--- INPUT MATERIAL Enclosed Below ---

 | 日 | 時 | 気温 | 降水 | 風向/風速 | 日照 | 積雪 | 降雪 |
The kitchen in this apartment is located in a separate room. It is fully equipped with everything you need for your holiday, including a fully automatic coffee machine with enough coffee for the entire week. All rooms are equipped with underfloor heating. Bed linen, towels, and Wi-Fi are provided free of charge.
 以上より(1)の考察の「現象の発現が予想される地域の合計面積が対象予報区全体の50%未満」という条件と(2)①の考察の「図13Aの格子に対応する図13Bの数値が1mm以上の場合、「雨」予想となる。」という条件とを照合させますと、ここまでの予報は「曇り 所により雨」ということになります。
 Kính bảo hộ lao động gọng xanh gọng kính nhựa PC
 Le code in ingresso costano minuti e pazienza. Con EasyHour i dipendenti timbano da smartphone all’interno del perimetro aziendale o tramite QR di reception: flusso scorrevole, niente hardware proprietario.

--- End of Enclosed INPUT MATERIAL ---
--- INPUT MATERIAL Enclosed Below ---

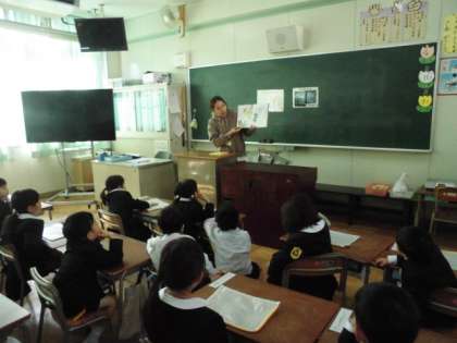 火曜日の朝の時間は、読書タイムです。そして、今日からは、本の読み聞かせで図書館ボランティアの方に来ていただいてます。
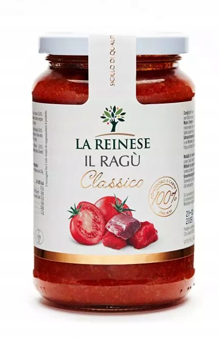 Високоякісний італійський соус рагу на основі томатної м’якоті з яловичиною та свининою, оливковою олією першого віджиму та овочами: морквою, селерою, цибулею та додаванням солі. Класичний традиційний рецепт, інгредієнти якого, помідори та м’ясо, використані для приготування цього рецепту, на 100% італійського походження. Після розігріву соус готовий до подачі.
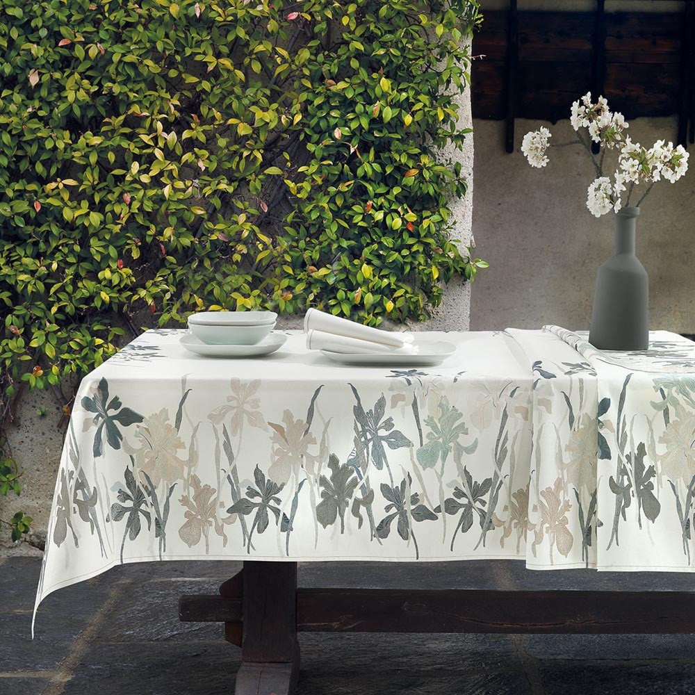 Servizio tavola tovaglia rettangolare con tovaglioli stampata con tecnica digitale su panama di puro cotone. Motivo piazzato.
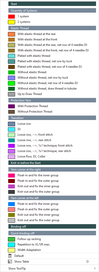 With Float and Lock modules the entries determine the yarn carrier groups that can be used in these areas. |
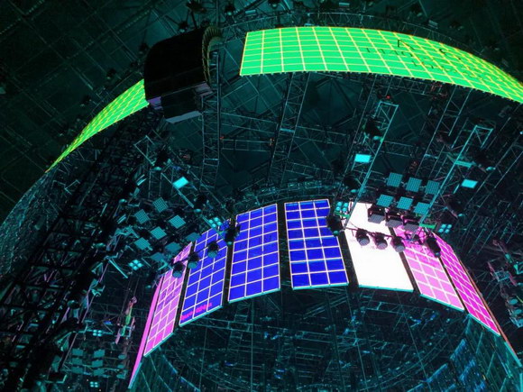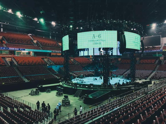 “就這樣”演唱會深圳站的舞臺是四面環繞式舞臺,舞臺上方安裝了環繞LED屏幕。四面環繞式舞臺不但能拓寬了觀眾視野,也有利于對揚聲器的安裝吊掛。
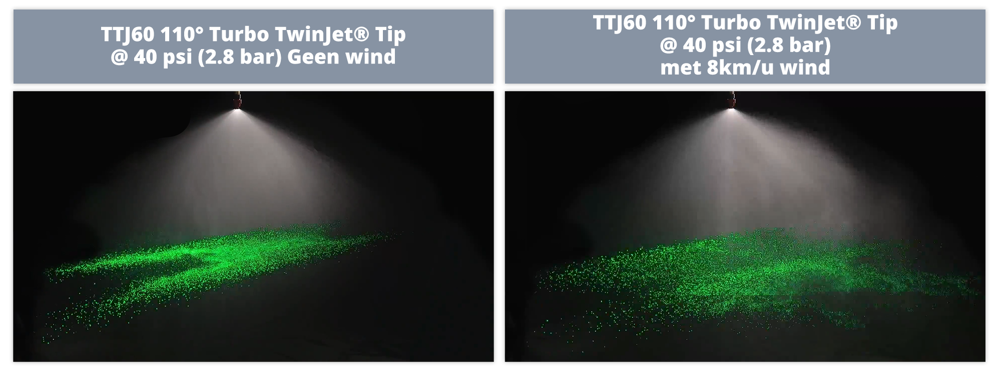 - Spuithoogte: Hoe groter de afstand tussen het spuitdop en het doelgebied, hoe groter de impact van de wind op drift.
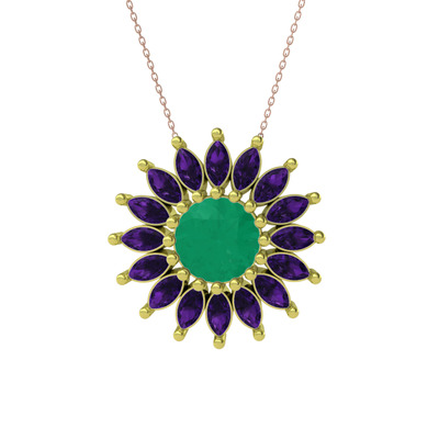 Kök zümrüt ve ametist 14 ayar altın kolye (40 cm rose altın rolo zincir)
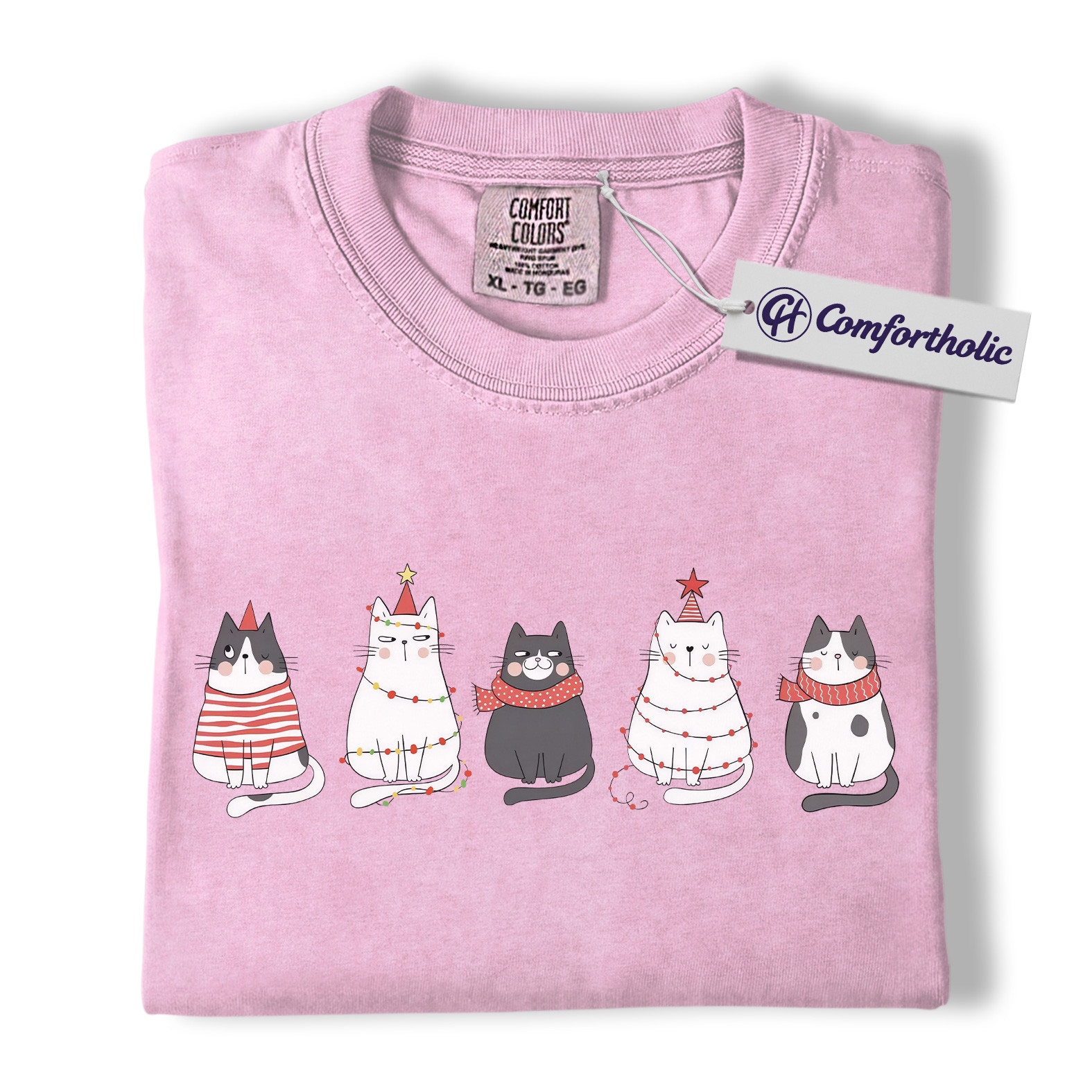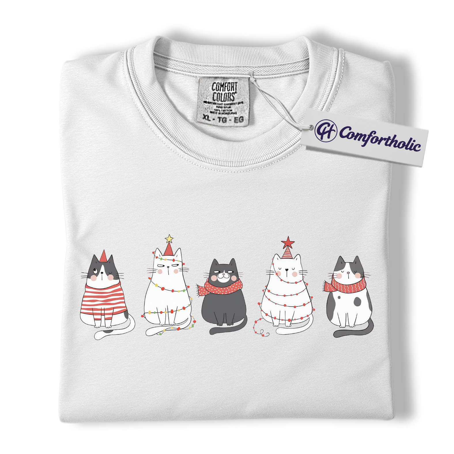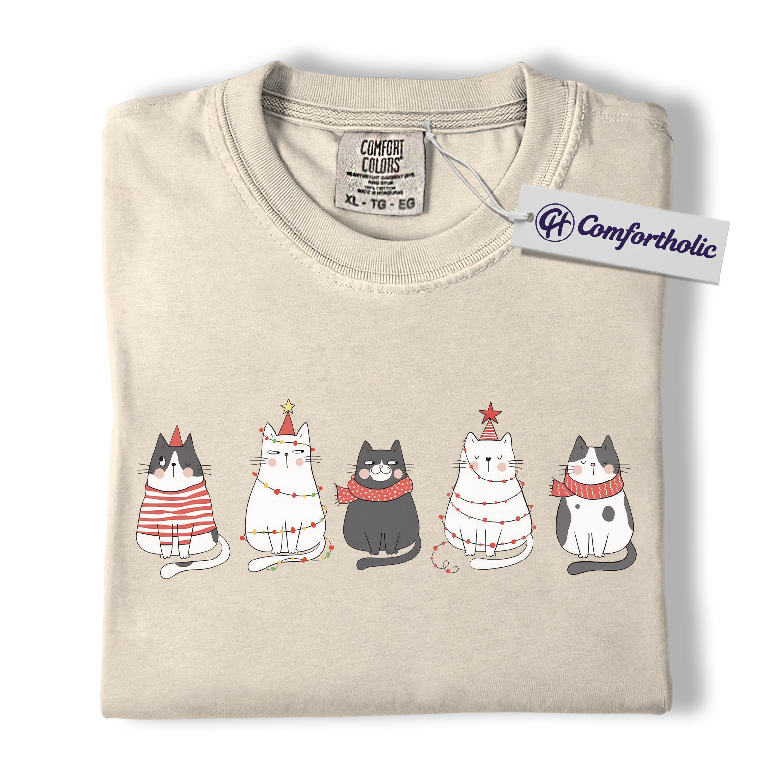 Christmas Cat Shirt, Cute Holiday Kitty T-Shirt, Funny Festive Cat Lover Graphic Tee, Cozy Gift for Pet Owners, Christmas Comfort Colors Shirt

--- End of Enclosed INPUT MATERIAL ---

YOUR OBJECTIVE –
From the records above, retype only the lines starting at the line that contains "日照 | 積雪 | 降雪 |" and ending at the line that contains "Le code in ingresso", both included.

RESPONSE AREA –
 | 日 | 時 | 気温 | 降水 | 風向/風速 | 日照 | 積雪 | 降雪 |
The kitchen in this apartment is located in a separate room. It is fully equipped with everything you need for your holiday, including a fully automatic coffee machine with enough coffee for the entire week. All rooms are equipped with underfloor heating. Bed linen, towels, and Wi-Fi are provided free of charge.
 以上より(1)の考察の「現象の発現が予想される地域の合計面積が対象予報区全体の50%未満」という条件と(2)①の考察の「図13Aの格子に対応する図13Bの数値が1mm以上の場合、「雨」予想となる。」という条件とを照合させますと、ここまでの予報は「曇り 所により雨」ということになります。
 Kính bảo hộ lao động gọng xanh gọng kính nhựa PC
 Le code in ingresso costano minuti e pazienza. Con EasyHour i dipendenti timbano da smartphone all’interno del perimetro aziendale o tramite QR di reception: flusso scorrevole, niente hardware proprietario.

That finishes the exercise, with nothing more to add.